Ohinemutu or Ōhinemutu is a suburb in Rotorua, New Zealand. It includes a living Māori village and the original settlement of Rotorua.

Demographics
The statistical area of Kuirau, which corresponds to Ohinemutu, covers  and had an estimated population of  as of  with a population density of  people per km2.

Kuirau had a population of 1,065 at the 2018 New Zealand census, an increase of 144 people (15.6%) since the 2013 census, and an increase of 138 people (14.9%) since the 2006 census. There were 378 households, comprising 552 males and 516 females, giving a sex ratio of 1.07 males per female. The median age was 33.9 years (compared with 37.4 years nationally), with 210 people (19.7%) aged under 15 years, 261 (24.5%) aged 15 to 29, 462 (43.4%) aged 30 to 64, and 135 (12.7%) aged 65 or older.
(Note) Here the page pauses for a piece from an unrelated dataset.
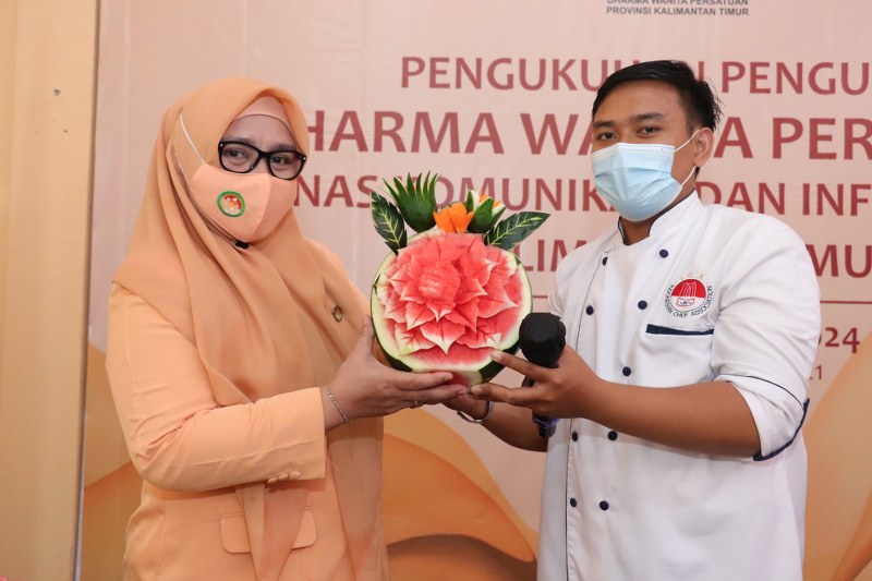 SAMARINDA, Inibalikpapan.com —Kepengurusan Dharma Wanita Persatuan Diskominfo Kaltim Senin pagi (15/3) di Aula Diskominfo menggelar Pelatihan Mengukir Buah dan Sayuran oleh Komunitas Fruitcarving Samarinda yang langsung disampaikan oleh Ketuanya Taufik Ramadhan.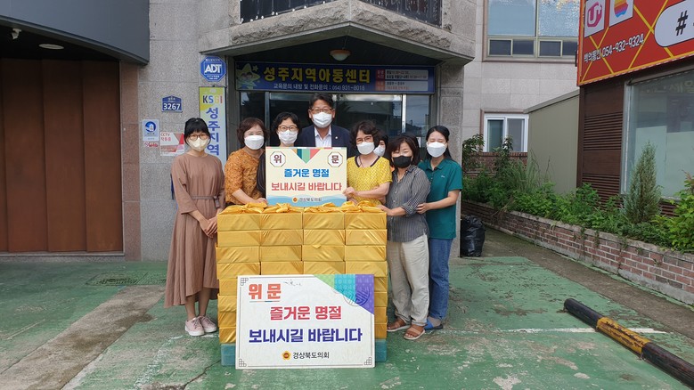 [경북 세계타임즈=한성국 기자] 경상북도의회 강만수 도의원은 9월 6일 민족의 대명절인 추석을 맞이하여 소외된 이웃들에게 따뜻한 마음을 전하기 위해 성주지역아동센터 등 성주군 관내 4개 지역아동센터에 위문품을 전달했다.

Ethnicities were 35.8% European/Pākehā, 62.8% Māori, 6.5% Pacific peoples, 15.5% Asian, and 2.3% other ethnicities. People may identify with more than one ethnicity.

The percentage of people born overseas was 19.4, compared with 27.1% nationally.

Although some people chose not to answer the census's question about religious affiliation, 39.4% had no religion, 38.6% were Christian, 7.0% had Māori religious beliefs, 3.1% were Hindu, 0.6% were Muslim, 0.8% were Buddhist and 3.9% had other religions.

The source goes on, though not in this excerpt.